Unorganised workers should be made eligible for universal old age pension.
During the last winter session of the outgoing Parliament, around 500 aged women and men, nearly all destitute and rural, camped in Delhi’s plunging temperatures barely a couple of kilometres from India’s Parliament, hoping vainly that the country’s lawmakers and indeed its people would hear their long-forgotten voices. They demanded a decent pension for all old people, something which those who retire in the formal sector take entirely for granted. But few heard their voices, and none heeded their claim. In the din of the election campaign which followed, their voices remain even more marginal, though they constitute nearly a tenth of the population.
The central government gives a monthly pension of Rs.200 to only one in five of the country’s old people, those identified as BPL, and this is topped up unevenly by various states. Even this paltry amount is delivered irregularly in most states. The poverty line is notoriously low, and official studies confirm that more than half poor people are not on official government lists. Moreover, these lists ignore poverty within families: three out of four aged women and one out of three old men are fully dependent on others for their sustenance.
The demand for universal old age pensions is not as charity but the due of unorganised workers. In 2000 and 2010, the annual growth rate was more than 7.5 per cent, but the annual growth of employment in the formal sector was less than 0.3 per cent. Therefore the greatest contribution to India’s economic growth came from the workers in the unorganised sector.

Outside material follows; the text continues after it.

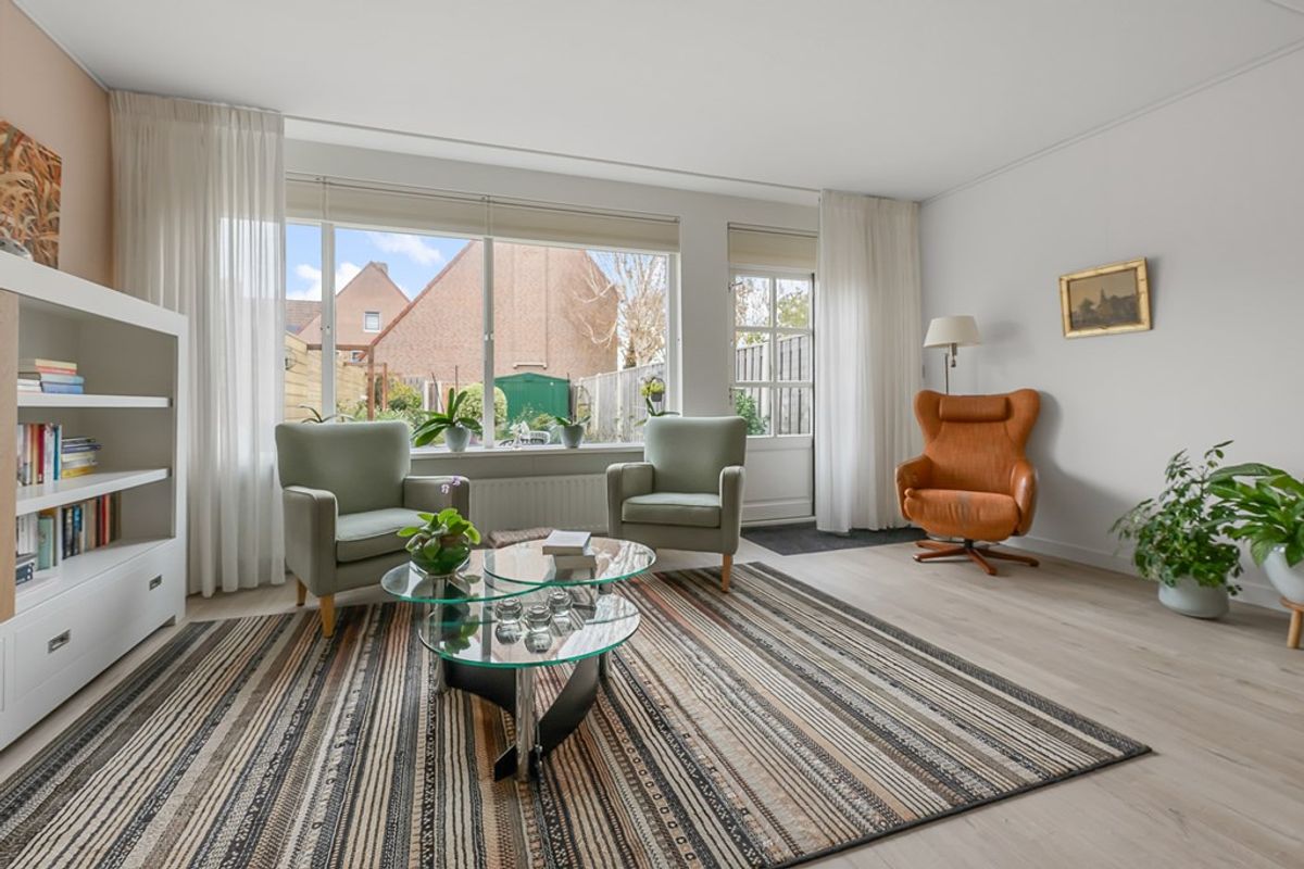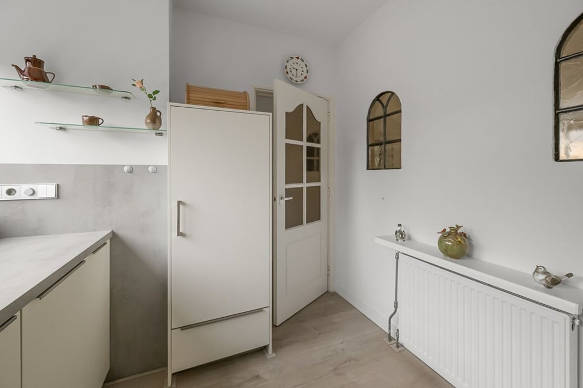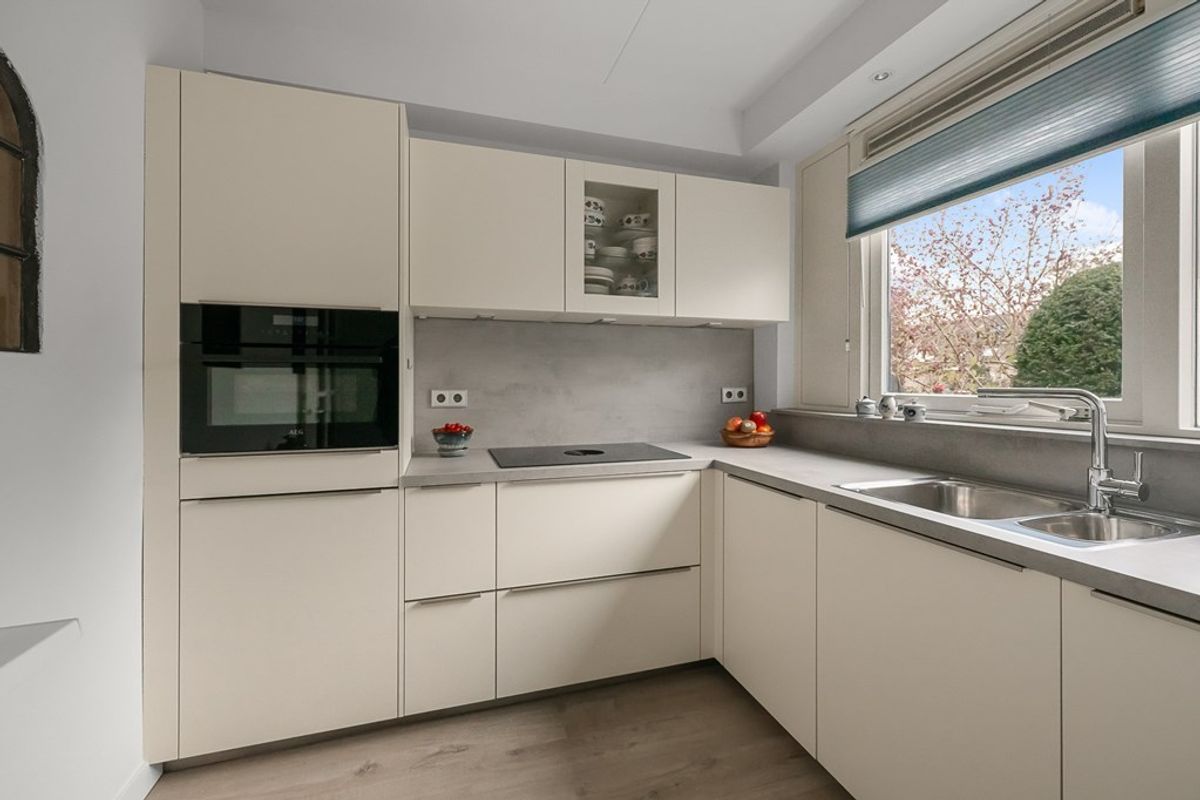 Ruime hal met entree, toilet en meterkast. De woonkamer is tuingericht, licht en comfortabel en biedt voldoende ruimte voor een fijne zit- en eethoek. De keuken is afgesloten van de woonkamer, wat zorgt voor rust tijdens het koken en een opgeruimd woongedeelte. De keuken (2022) is uitgerust met moderne inbouwapparatuur en beschikt over veel werk- en bergruimte, ideaal voor iedereen die van koken houdt.

Just as formal sector workers receive pensions of around half their last pay drawn, the indigent old people who gathered last winter to make claims from India’s Parliament under the banner of Pension Parishad demanded a universal pension equivalent to half the statutory minimum wages of unorganised workers, roughly Rs.2000 a month. The wrinkled, timeworn people, during their winter pension vigil, spoke wistfully of what they would do if they actually got that amount. Suhagan Devi of Muzaffarpur in Bihar declared, “I’ll spend the money on my treatment of filaria due to which my son keeps me out of my house.” Another said simply, “If we get this pension, our children will take care of us.
One old couple declared, “Out of this, we’ll spend money on food, medicines, rent, and if we are able to save some money then we’ll set aside Rs.100 every month for our cremation.” Others made even more specific plans: One calculated, “If we get this money, we won’t sit idle, we’ll buy a goat, and that goat over a period of time will become a source of income and we’ll live a better life.” For another the plan was: “We don’t have a house, so from this money we’ll first build a house, and then if there is anything left, we’ll spend it on our food and other necessities.”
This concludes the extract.